───── Supplied material ─────
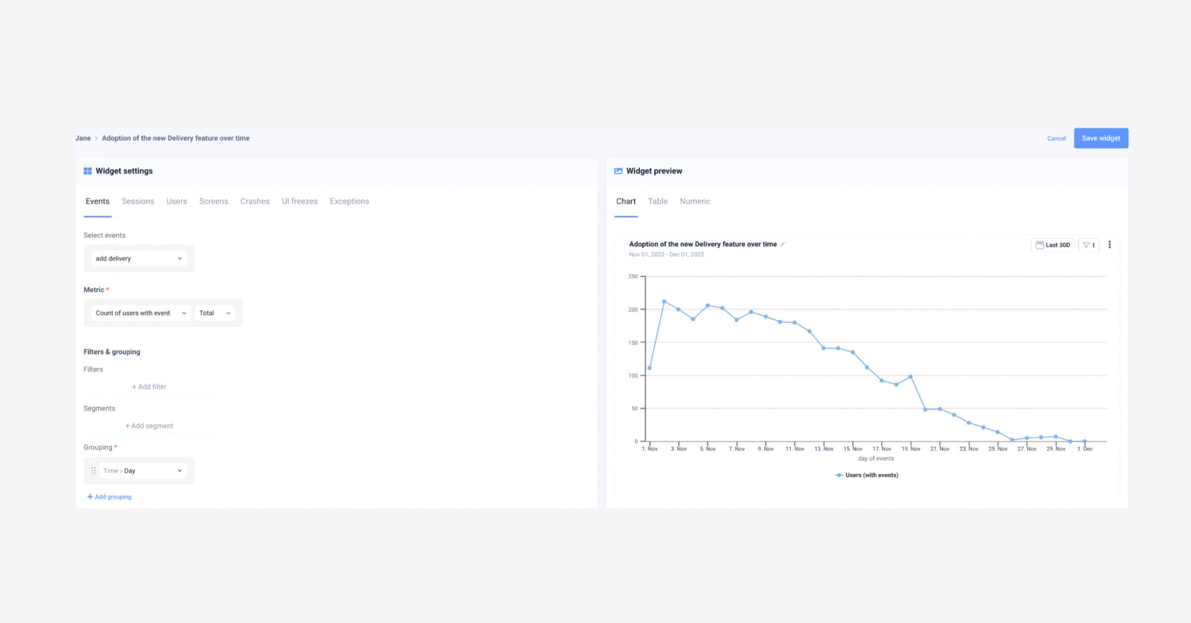 Adoption of a new delivery feature over time on UXCam (click to enlarge).
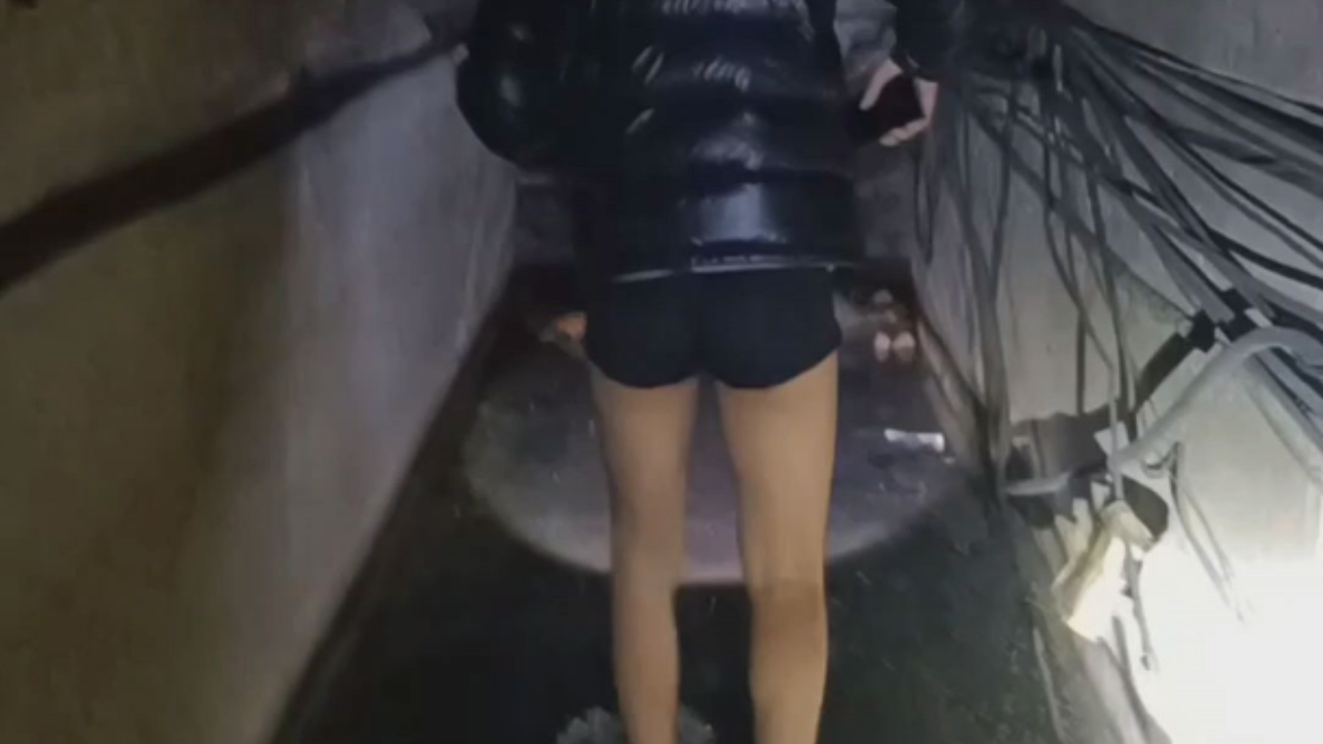 Wanita berotot berseragam militer menggunakan pahanya untuk merobek stokingnya~
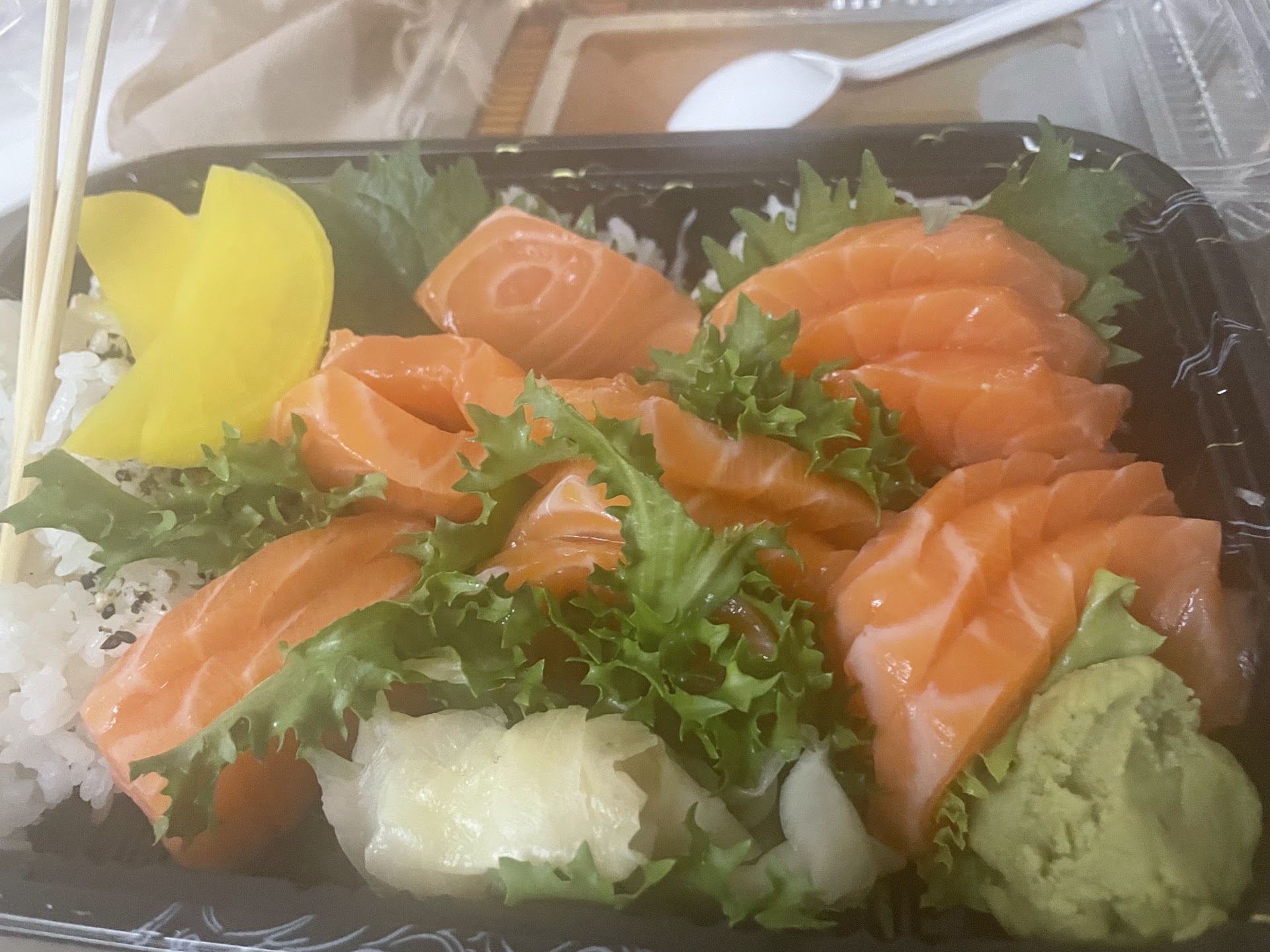 Food - average. Not sure if people in this review has had true fresh fish (fresh fish to me is what you get in omakase) but this place uses standard grade sushi fish. Some has a stronger smell and is more mushy (fatty) than others. Portion size is good. The beef don was not bad but most of it was rice. Miso soup was good that came with the Don and dinner entree. Dinner entree with pork katsu was good. Rainbow sushi was average. Not bad but not the best. The tempura appetizer was not good; only the shrimp had flavor but all the vegetables were not seasoned. Would have given 3 stars for food.
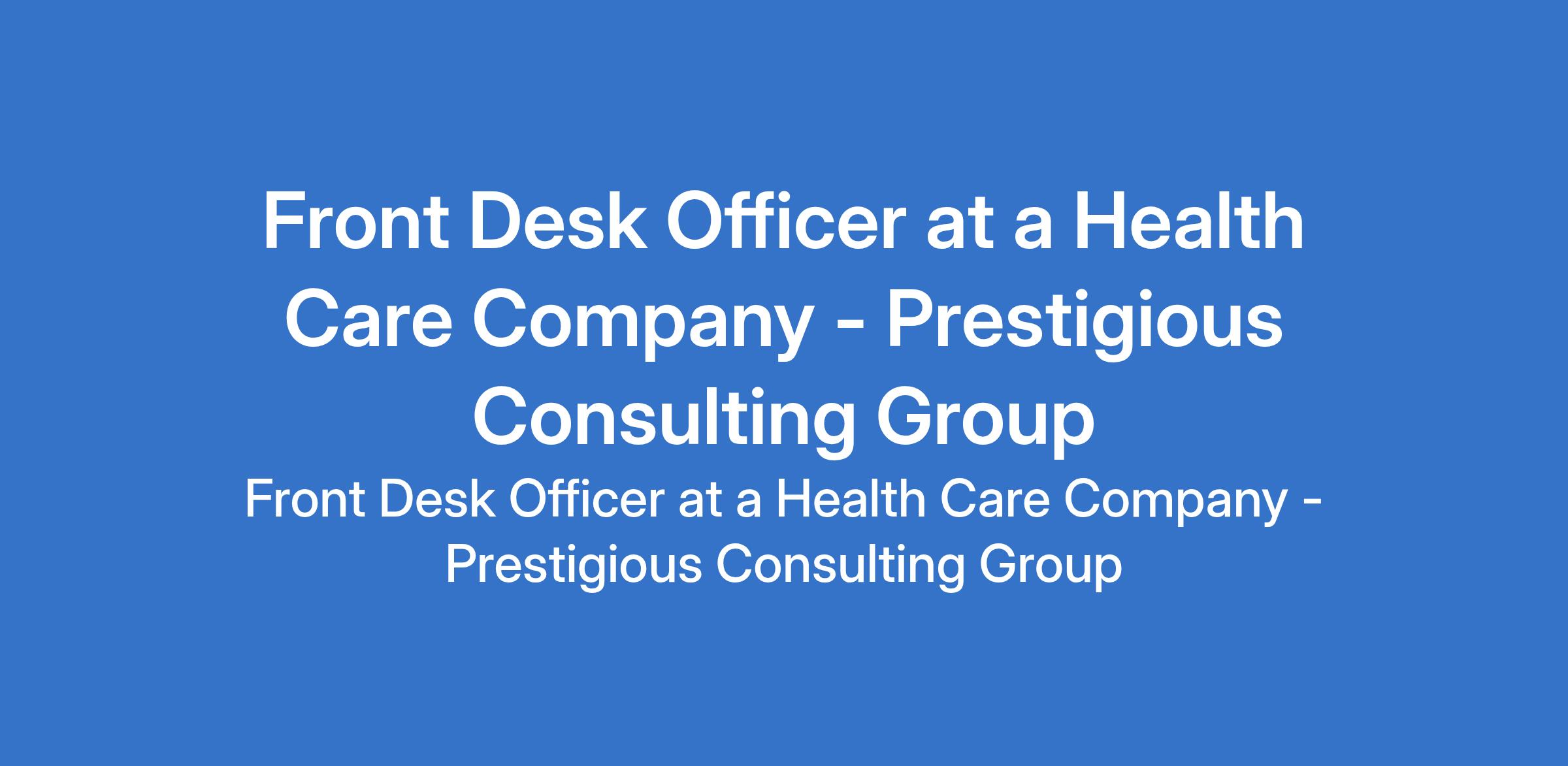 Prestigious Consulting Group - Our client, a Health Care Company is recruiting to fill the position of: Front Desk Officer. The position is located in Lekki, Lagos State. Salary: N115,000 monthly. Interested candidates should possess a Bachelor's Degree with 1 - 3 years experience.
─────
What you will do — Skip all pictures. Then give again, exactly, each line from the line holding "Food - average." through the last line of the listing above, both ends included.

Output for this exercise —
 Food - average. Not sure if people in this review has had true fresh fish (fresh fish to me is what you get in omakase) but this place uses standard grade sushi fish. Some has a stronger smell and is more mushy (fatty) than others. Portion size is good. The beef don was not bad but most of it was rice. Miso soup was good that came with the Don and dinner entree. Dinner entree with pork katsu was good. Rainbow sushi was average. Not bad but not the best. The tempura appetizer was not good; only the shrimp had flavor but all the vegetables were not seasoned. Would have given 3 stars for food.
 Prestigious Consulting Group - Our client, a Health Care Company is recruiting to fill the position of: Front Desk Officer. The position is located in Lekki, Lagos State. Salary: N115,000 monthly. Interested candidates should possess a Bachelor's Degree with 1 - 3 years experience.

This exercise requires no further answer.